** Opening Provided data block **

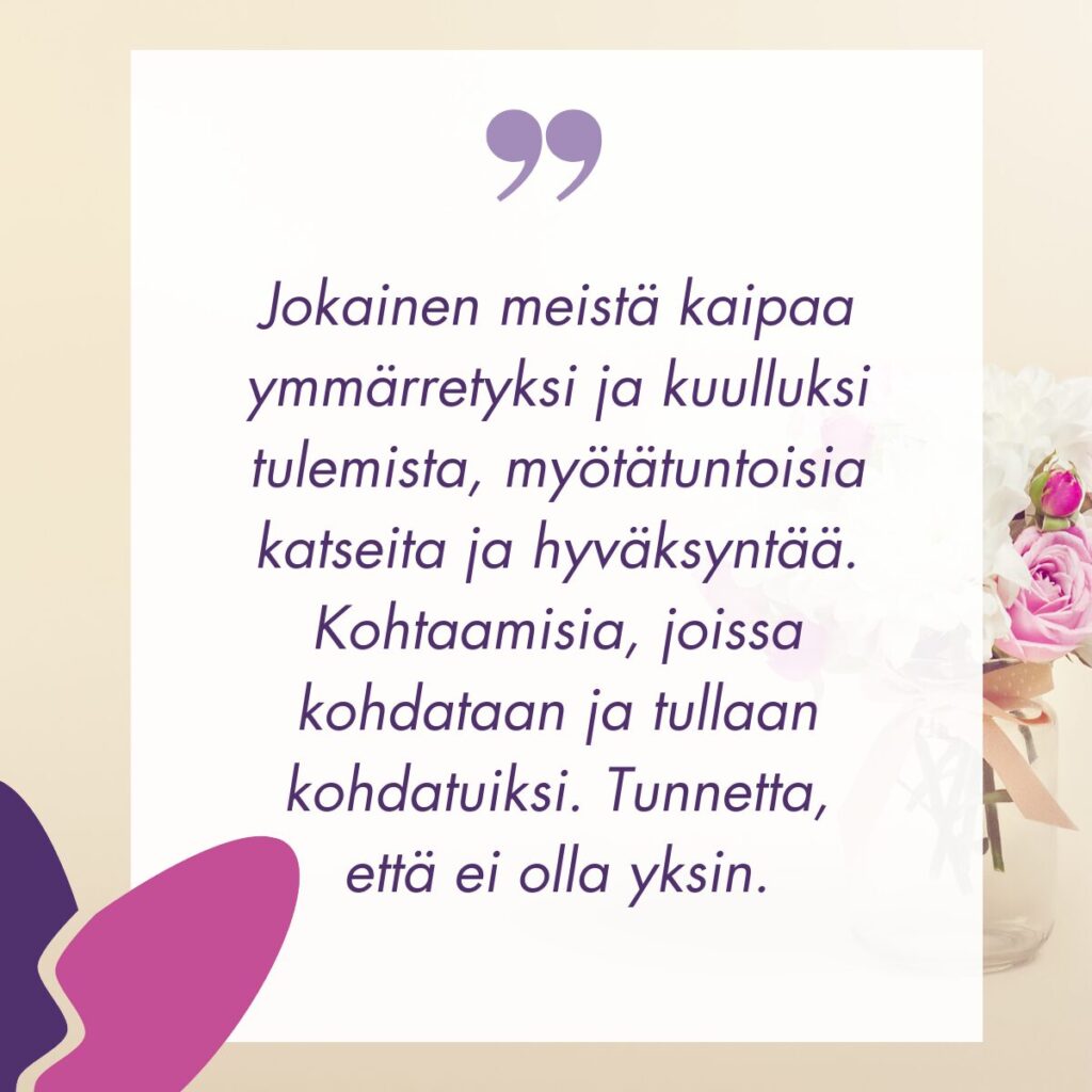 Jokainen meistä kaipaa ymmärretyksi ja kuulluksi tulemista, myötätuntoisia katseita ja hyväksyntää. Kohtaamisia, joissa kohdataan ja tullaan kohdatuiksi. Tunnetta, että ei olla yksin. Silloin kun on vaikeaa, maailma on romahtanut ja kaikki ympäriltä sortunut, tarvitaan lohtua ja turvaa. Tarvitaan uskoa siihen, että vielä joku päivä voi olla helpompaa ja elämä voi tuntua edes hieman kevyemmältä.
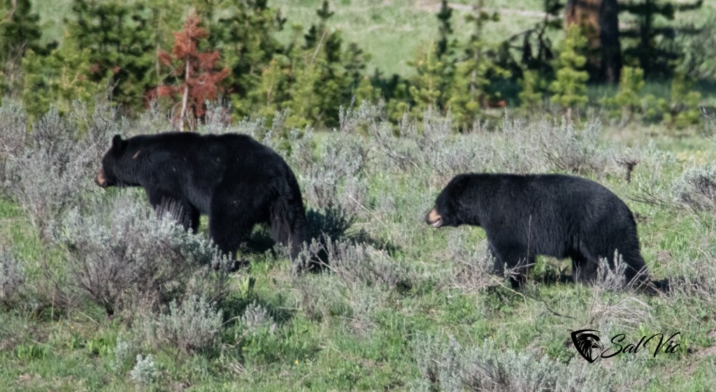 We drove into Yellowstone this morning, looking for wildlife. We noticed several cars clustered st an overlook. We couldn’t even find a parking space so I got out and walked up while Vic drove part way down the hill and waited.
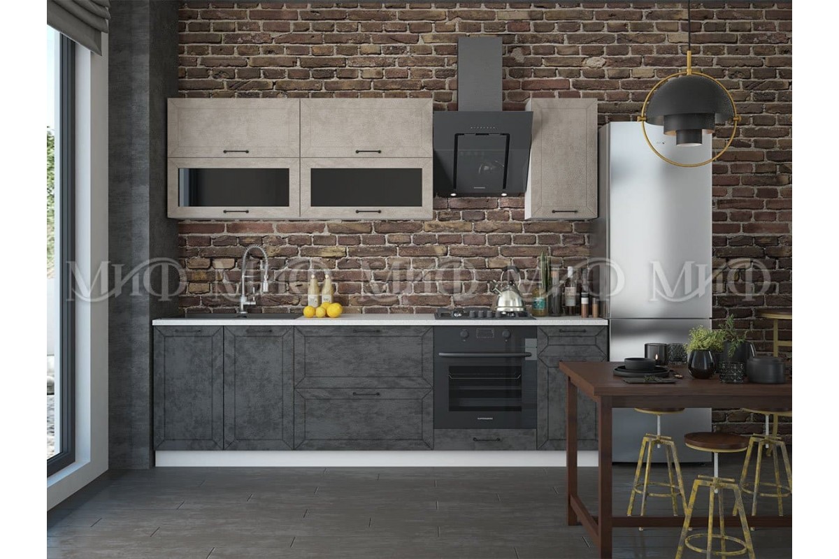 Кухня «Монако» 2,6 м ВТ (камень темный - камень светлый)
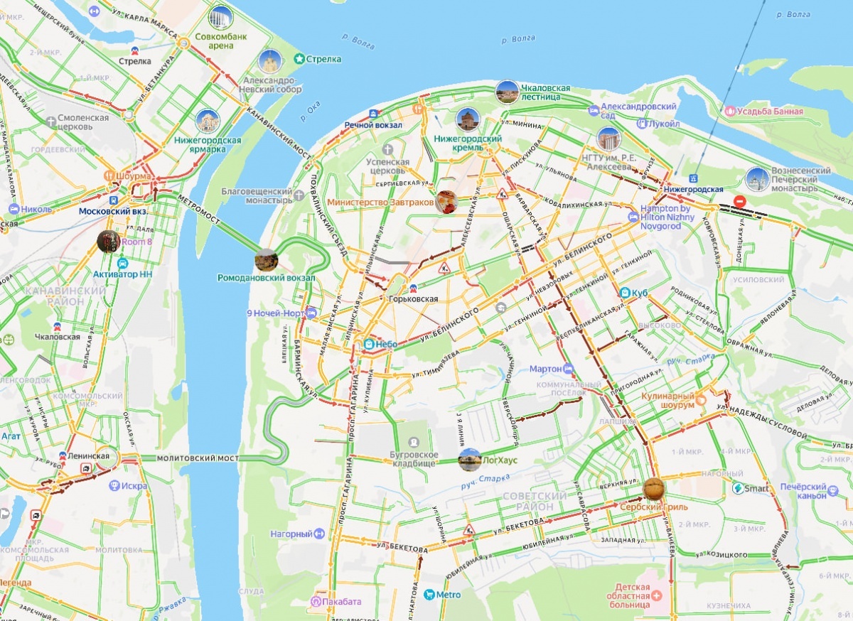 Восьмибалльные пробки образовались на улицах Нижнего Новгорода вечером 5 марта. Информация появилась на сервисе «Яндекс. Карты». Серьезные заторы наблюдаются на улицах Белинского, Ванеева, Салганской, Большой Покровской, Звездинке, Большой Печерской, Варварской, Алексеевской, Лысогорской, Горной и Бекетова, а также на проспекте Гагарина. В Заречной части города движение затруднено на проспекте Ленина, Комсомольском шоссе, улицах Дьяконова, Федосеенко, Ярошенко, Краснодонцев, а также в районе железнодорожного вокзала. Ранее сообщалось, что виновнику ДТП со школьниками отказали в УДО в Нижнем Новгороде. Самые интересные и срочные новости читайте в Telegram-канале «В городе N»

** Closing Provided data block **

» **Assigned task**:
Each line of the data above must be reproduced as written. Skip the pictures.

» **Your response**:
 Jokainen meistä kaipaa ymmärretyksi ja kuulluksi tulemista, myötätuntoisia katseita ja hyväksyntää. Kohtaamisia, joissa kohdataan ja tullaan kohdatuiksi. Tunnetta, että ei olla yksin. Silloin kun on vaikeaa, maailma on romahtanut ja kaikki ympäriltä sortunut, tarvitaan lohtua ja turvaa. Tarvitaan uskoa siihen, että vielä joku päivä voi olla helpompaa ja elämä voi tuntua edes hieman kevyemmältä.
 We drove into Yellowstone this morning, looking for wildlife. We noticed several cars clustered st an overlook. We couldn’t even find a parking space so I got out and walked up while Vic drove part way down the hill and waited.
 Кухня «Монако» 2,6 м ВТ (камень темный - камень светлый)
 Восьмибалльные пробки образовались на улицах Нижнего Новгорода вечером 5 марта. Информация появилась на сервисе «Яндекс. Карты». Серьезные заторы наблюдаются на улицах Белинского, Ванеева, Салганской, Большой Покровской, Звездинке, Большой Печерской, Варварской, Алексеевской, Лысогорской, Горной и Бекетова, а также на проспекте Гагарина. В Заречной части города движение затруднено на проспекте Ленина, Комсомольском шоссе, улицах Дьяконова, Федосеенко, Ярошенко, Краснодонцев, а также в районе железнодорожного вокзала. Ранее сообщалось, что виновнику ДТП со школьниками отказали в УДО в Нижнем Новгороде. Самые интересные и срочные новости читайте в Telegram-канале «В городе N»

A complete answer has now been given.